En complément, les entreprises pourraient (et devraient) décider d’investir pour que leurs employés aménagent un bureau à domicile assurant un bien-être physique, cognitif et émotionnel. Il y a un mois, on pouvait se dire que les dépenses relatives à un bureau à domicile relevaient du personnel. On peut maintenant saisir qu’il s’agit d’un investissement rentable pour les organisations. Ce l’est aussi pour les promoteurs résidentiels, qui pourraient offrir des espaces de travail isolés à même les aires communes. Cela est tout aussi bon pour les restaurants, les cafés et les bibliothèques qui gagneraient en clientèle.

En effet, au lieu de se soucier du vide qu’on pourrait créer dans le centre-ville, imaginons toute l’activité qu’on pourrait générer dans les milieux de vie naturels de milliers de travailleurs. 

Passant une plus grande proportion de leurs semaines à la maison, ou près de la maison, on pourrait développer davantage d’habitudes liées aux transports actifs comme le vélo ou la marche. Parlant de cela, imaginez-vous quitter la maison à pied, après une journée de travail, confortablement installé, vous arrêtant à la fruiterie du quartier puis à l’école chercher vos enfants. Vous pourriez y croiser des voisins ou des amis complètement par accident, profitant de l’air extérieur et sentant les subtilités de chaque saison. Tout ce que le quotidien offre de mieux. Je rêve, me direz-vous. C’est pourtant ce que l’on fait à l’heure actuelle. C’est déjà bien réel, mais dans une version apocalyptique.

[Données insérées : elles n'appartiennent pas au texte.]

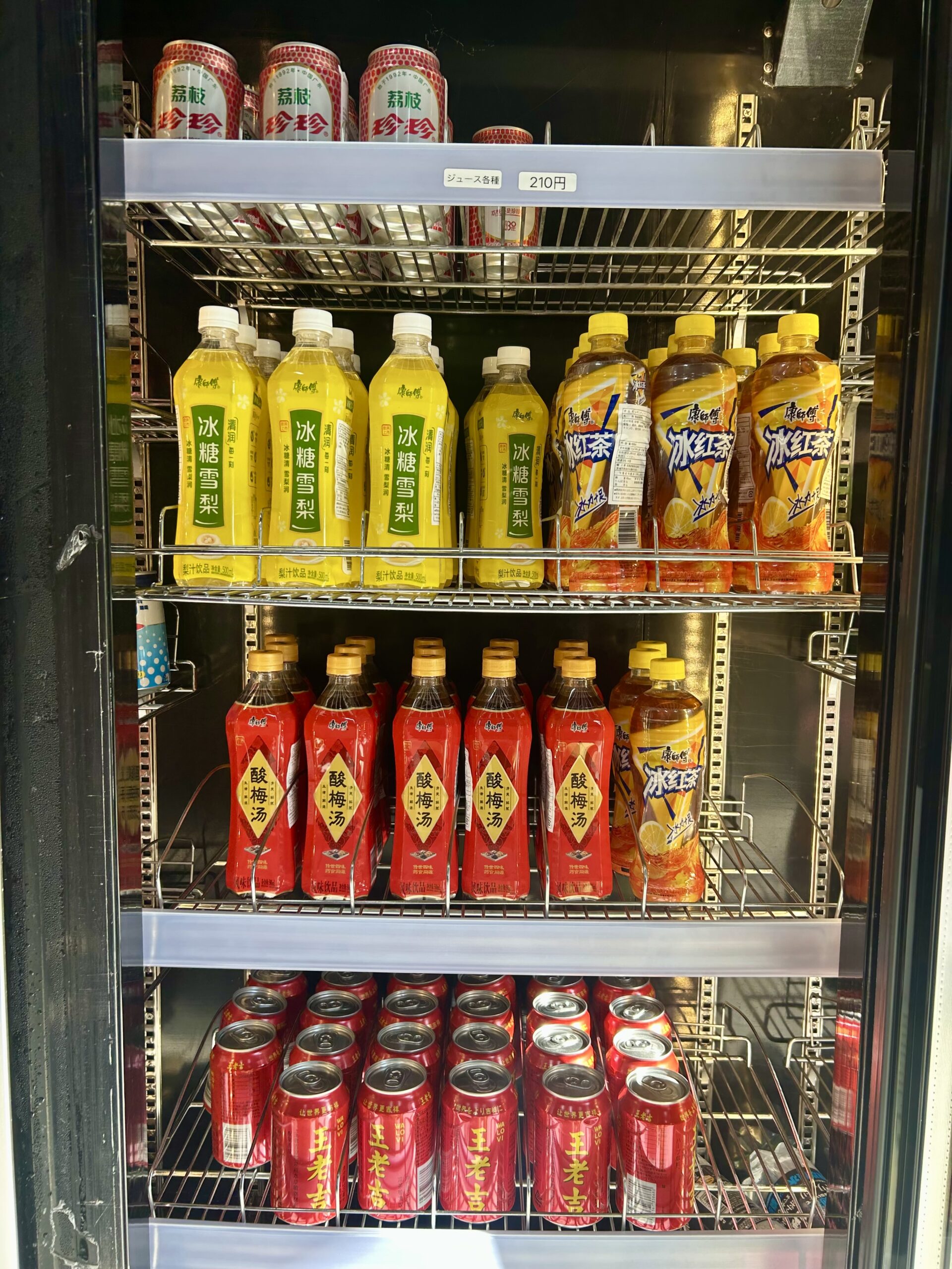 店内の冷蔵庫には、ライチソーダやレモンティー、謎の甘いお茶などがあり、

En conclusion, il y aurait donc un lien direct entre l’engagement, la productivité et le télétravail. Il y a aussi un lien à faire entre notre empreinte environnementale et la manière dont nous allons au travail. Le télétravail, donc, constitue une piste de solution pour plusieurs problèmes systémiques auxquels on fait face. Le Québec est un petit bassin dans l’écosystème nord-américain. On doit être créatifs et ouverts pour continuer d’évoluer et assurer notre avenir. Nous avons présentement une opportunité, nous devons essayer.

J’écris ces lignes pendant que mes enfants de 4 et 6 ans jouent à mes pieds, avec mon amoureuse en téléconférence juste devant moi. Si je peux le faire, on peut tous le faire. En définitive, le télétravail ferait qu’on vivrait tous plus d’heures par semaine dans nos milieux de vie. Lesquels nous chérissons tous pour des raisons qui nous sont propres. Une plus grande part de télétravail dans notre quotidien pourrait niveler à la hausse la qualité de vie de tout un chacun, sans égard à son emplacement ou son éloignement de Montréal. Fini l’interminable débat entre la ville et la banlieue. Finie une bonne partie des effets pervers de l’étalement urbain. La part du stress dans notre vie s’en verrait d’autant diminuée. Qui voudrait dire non à ça ? Certainement pas moi.

Moi, je dis oui !

> *Lisez un article sur le télétravail (en anglais)
> **Consultez l'étude de Gallup (en anglais)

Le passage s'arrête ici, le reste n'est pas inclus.